The interactive lectures start by focusing on student questions concerning the project. One question project teams normally ask concerns visualizing the class structure. It is important to choose a tool environment that can visualize important concepts (Barnes and Kölling, 2006). The teacher identifies and discusses different types of solutions with the project teams, supervises them, and provides feedback every week.
The object-oriented website for e-commerce is presented at a seminar, held after approximately seven weeks of the course, together with the other project teams. The students also present lessons learnt from the project. After the seminar, the teacher assesses the project and provides feedback to the students. The students also get more information about the project environment during project implementation. In this case, they have lectures on how to solve easier legal issues arising in an IT project and how to determine when legal assistance will be needed. Processes for managing project procurement include contracts, which are legal documents between a buyer and a seller, which include terms and conditions. The project team seeks support from legal specialists, for example, in contracting, purchasing, and IT law (PMI, 2008). This support is a focus of the course. Another important question concerns the legal aspects of using open-source software when developing an e-commerce website. Table 2 presents the learning outcomes applicable during course execution.
Table 2. Learning outcomes applicable during course execution
Process
Learning outcomes




The 
project 
process





After passing the course, the student should be able to:
2. Analyse and design an IT system using object-oriented, unified modeling language (UML) design elements
3. Understand the principles underlying object-oriented analysis and design
4. Use IT support in implementing an object-oriented system
5. Solve simple legal issues in an IT project 
6. Determine when legal expertise should be consulted in an IT project
4.3.	At course end
At course end, the students’ individual learning process is central.
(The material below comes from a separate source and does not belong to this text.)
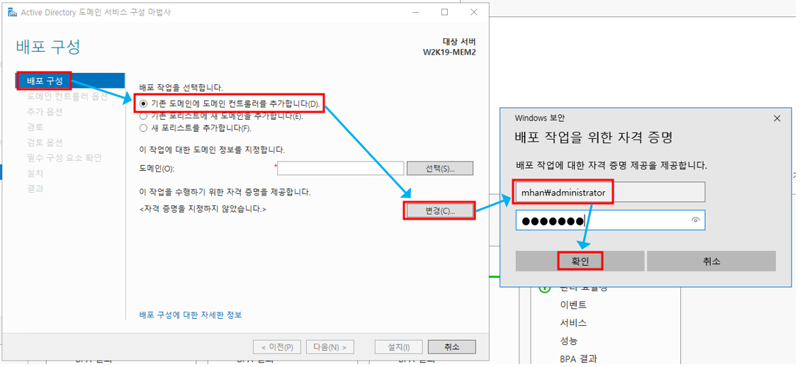 - 자격 증명 루트 도메인 컨트롤러의 Administrator로 변경

It is important that the students are motivated during the project, which is the carrier of new knowledge in the course. The students have learnt a lot from the project, and now have an opportunity for deeper learning. It is important to involve the students in challenging tasks, some of which should be optional. There should be the possibility of students obtaining a higher grade, such as passing with distinction. This is optional for the students, and in this course the students must complete an individual project-related task.
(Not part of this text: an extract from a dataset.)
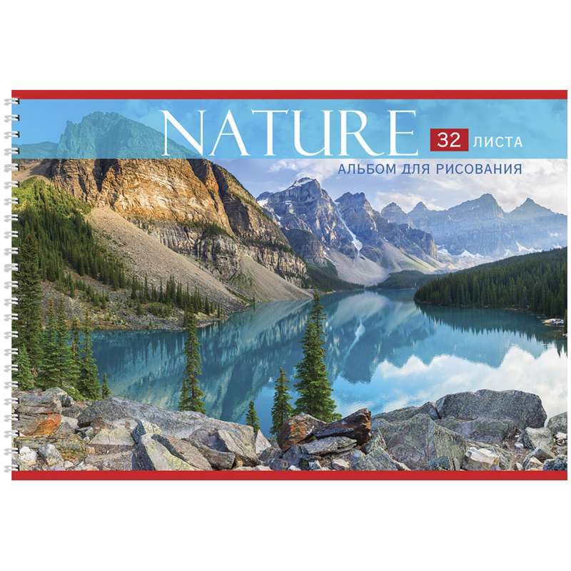 Формат А4. Вид крепления -гребень. Обложка -мелованный картон из хром-эрзаца. Внутренний блок -офсетный, 100 г/м2Альбом для рисования 32л. А4 на гребне "Горная идиллия"

Some of the students’ learning should also be reflective. Students can, for example, reflect on the knowledge they acquired when starting and executing the course. The students also have the chance to reflect on their choice of program profile. The students should be able to display their learning results in both oral and written forms. Table 3 presents the learning outcomes applicable at the end of the course.
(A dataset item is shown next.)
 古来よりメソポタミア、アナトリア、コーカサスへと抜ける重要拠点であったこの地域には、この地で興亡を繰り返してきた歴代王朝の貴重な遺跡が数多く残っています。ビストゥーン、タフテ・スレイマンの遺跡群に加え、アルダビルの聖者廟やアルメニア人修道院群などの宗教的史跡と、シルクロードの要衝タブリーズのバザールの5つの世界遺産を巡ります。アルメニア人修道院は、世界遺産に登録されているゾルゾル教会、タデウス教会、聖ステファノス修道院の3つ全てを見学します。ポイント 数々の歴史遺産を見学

Table 3. Learning outcomes applicable at the course end
Process
Learning outcomes

The 
students’ individual learning 
process

After passing the course, the student should be able to:
7. Use a language and set of concepts in explaining an IT project to leadership 
8. Deepen their knowledge within the chosen program profile
9. Present basic legal concepts concerning IT projects
4.4.	Evaluating learning outcomes
As mentioned above, teachers must manage nine learning outcomes in this course, all of which must be planned in detail before the course starts. The students later evaluate these outcomes, normally starting two weeks into the course. This evaluation is conducted as a “muddy cards evaluation”. “Muddy Cards are a variation of the One-Minute Paper technique (Angelo and Cross, 1993) specifically designed to determine gaps in student comprehension”. Each student writes constructive criticism on a small card; the cards are collected, and the students then receive written and oral responses to the criticism. The teacher usually resolves minor issues quickly, discussing them with students during a lecture. In this course the students also evaluated the learning outcome after two weeks. Mid way through the course, another evaluation is conducted, and when the course ends a final evaluation is conducted by the students. The questions used in these evaluations are based on, among other matters, the learning outcomes of the course, and the evaluation questions can be categorized according to the three processes. The teacher starts to plan the next version of the course, during course planning.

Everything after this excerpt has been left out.